Quantum Computer Maker Rigetti to Go Public via $1.5 Billion SPAC Deal

Rigetti is the second quantum computer hardware maker to announce going public this year using a blank-cheque.

Quantum Computer Maker Rigetti to Go Public via $1.5 Billion SPAC Deal

Photo Credit: Reuters

Rigetti's last funding was February last year when it raised $79 million (roughly Rs. 592 crores)

Highlights
  • SPACs are shell companies that raise funds through an IPO
  • Researchers say quantum computers could operate millions of times faster
  • Many Big Tech firms have been investing in future computing technologies

Quantum computer maker Rigetti said on Wednesday it will go public through a merger with a blank-cheque firm in a deal that potentially values the combined company at $1.5 billion (roughly Rs. 11,240 crores).

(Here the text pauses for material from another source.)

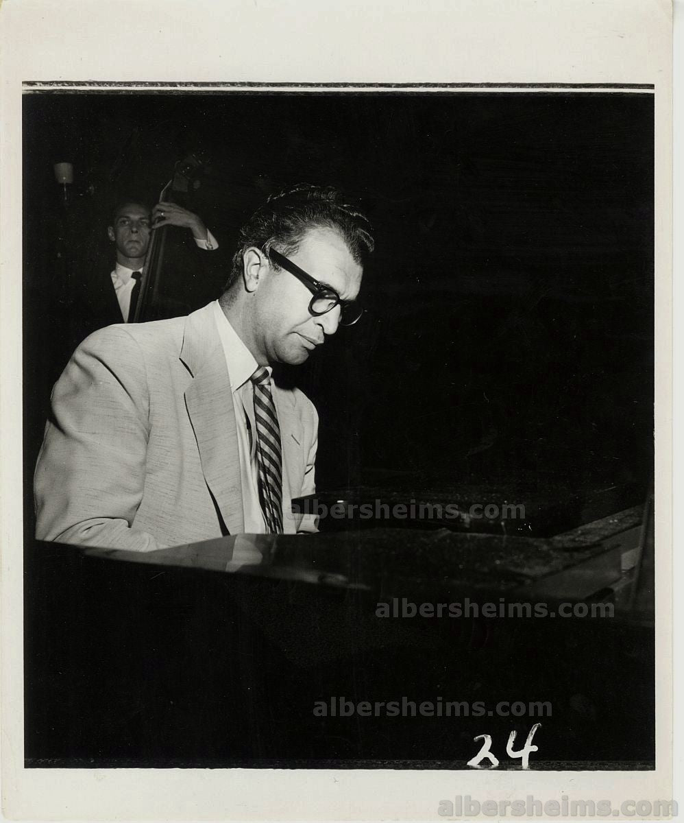 Dave Brubeck was an American jazz pianist and composer. Often regarded as a foremost exponent of cool jazz, Brubeck's work is characterized by unusual time signatures and superimposing contrasting rhythms, meters, tonalities, and combining different styles and genres, like classic, jazz, and blues.Born in Concord, California, Brubeck was drafted into the US Army, but was spared from combat service when a Red Cross show he had played at became a hit. Within the US Army, Brubeck formed one of the first racially diverse bands. In 1951, Brubeck formed the Dave Brubeck Quartet, which kept its name despite shifting personnel. The most successful-and prolific-lineup of the quartet was the one between 1958 and 1968. This lineup, in addition to Brubeck, featured saxophonist Paul Desmond, bassist Eugene Wright and drummer Joe Morello. A U.S. Department of State-sponsored tour in 1958 featuring the band inspired several of Brubeck's subsequent albums, most notably the 1959 album Time Out. Despite its esoteric theme and contrarian time signatures, Time Out became Brubeck's highest-selling album, and the first jazz album to sell over one million copies. The lead single from the album, "Take Five", a tune written by Desmond intime, similarly became the highest-selling jazz single of all time.Offered is an original 8" x 10" photo of Dave Brubeck wearing his signature glasses on piano with Norman Bates on the jazz bass. Bates replaces his brother, Bob Bates in the Dave Brubeck Quartet in 1955 and played through 1957 to start his own trio. Notably, he played at the 1956 Newport Jazz Fest.This original print derived from Popsie's personal archive and stamped on back with his iconic stamp that he used in the 1940s/50s. Again, this is an original print and was taken on March 4, 1957.ORIGINAL photos of Jazz musicians are rarely seen, as opposed to promotional photos put out by the record companies.About photographer, William "Popsie" Randolph -William "Popsie" Randolph was an iconic photographer, best known for capturing the spirit of the jazz and entertainment scenes during the mid-20th century. Born in 1920, he grew up in New York City.He started out at as a member of the Benny Goodman Orchestra and then moved into management. He later would build his career as one of the most prominent music photographers of his era.Randolph's work spans several decades, from the 1940s through the 1980s, and features many of the greatest musicians and entertainers of the time. His portfolio is a treasure trove of images that documented the world of jazz, Broadway, and popular music. He was a fixture at recording sessions, concerts, and nightclub performances, photographing luminaries such as Louis Armstrong, Duke Ellington, Billie Holiday, Frank Sinatra, and Elvis Presley.What made Randolph's work particularly distinctive was his ability to capture not just the public personas of these figures but the candid, behind-the-scenes moments that offered a glimpse into the lives of these legends. His images often convey a sense of intimacy and artistry, providing a window into the cultural movements of the time.Randolph was highly sought after by both artists and record labels, often working with major players like Columbia Records and RCA. His work appeared in newspapers, magazines, and album covers, further cementing his reputation as a photographer who had unparalleled access to some of the biggest names in entertainment.Despite his immense contributions to documenting American music history, Popsie Randolph remained somewhat behind the scenes himself, letting his photographs speak for him. He passed away in 1978, leaving behind a rich visual legacy that continues to inspire both musicians and photographers alike.His photographs have been exhibited in various galleries and remain a valuable resource for understanding the cultural fabric of mid-20th-century America.

This is the second quantum computer hardware maker to announce going public this year using a blank-cheque, or special purpose acquisition company (SPAC). Maryland-based IonQ listed on the New York Stock Exchange on Friday. SPACs are shell companies that raise funds through an initial public offering to acquire a private company, which then becomes public as a result.

Rigetti said the merger with Zillow co-founder Spencer Rascoff-backed Supernova Partners Acquisition Company will provide it with about $458 million (roughly Rs. 3,431 crores) in proceeds, including over $100 million (roughly Rs. 749 crores) in investments from funds and accounts advised by T. Rowe Price Associates, Bessemer Venture Partners, Franklin Templeton, venture capital firm In-Q-Tel — backed by the Central Intelligence Agency — and some strategic partners including Palantir Technologies.

Rigetti's last funding was February last year when it raised $79 million (roughly Rs. 592 crores) in a round that was led by Silicon Valley venture capital firm Bessemer. Andreessen Horowitz, Lux Capital, Sutter Hill Ventures and DCVC are also early investors in the Berkeley, California-based quantum computing firm.

Researchers believe quantum computers could operate millions of times faster than today's advanced supercomputers, potentially making possible tasks such as mapping complex molecular structures and chemical reactions to boosting the power of artificial intelligence.

While there is some debate about when quantum computers will be able to crack real-world problems, many companies are dedicating resources to ensure they are ready and investors have been flocking to quantum computing hardware and software startups. Big tech companies like Alphabet, International Business Machines, Honeywell, Microsoft and Amazon have also been investing in the future computing technology.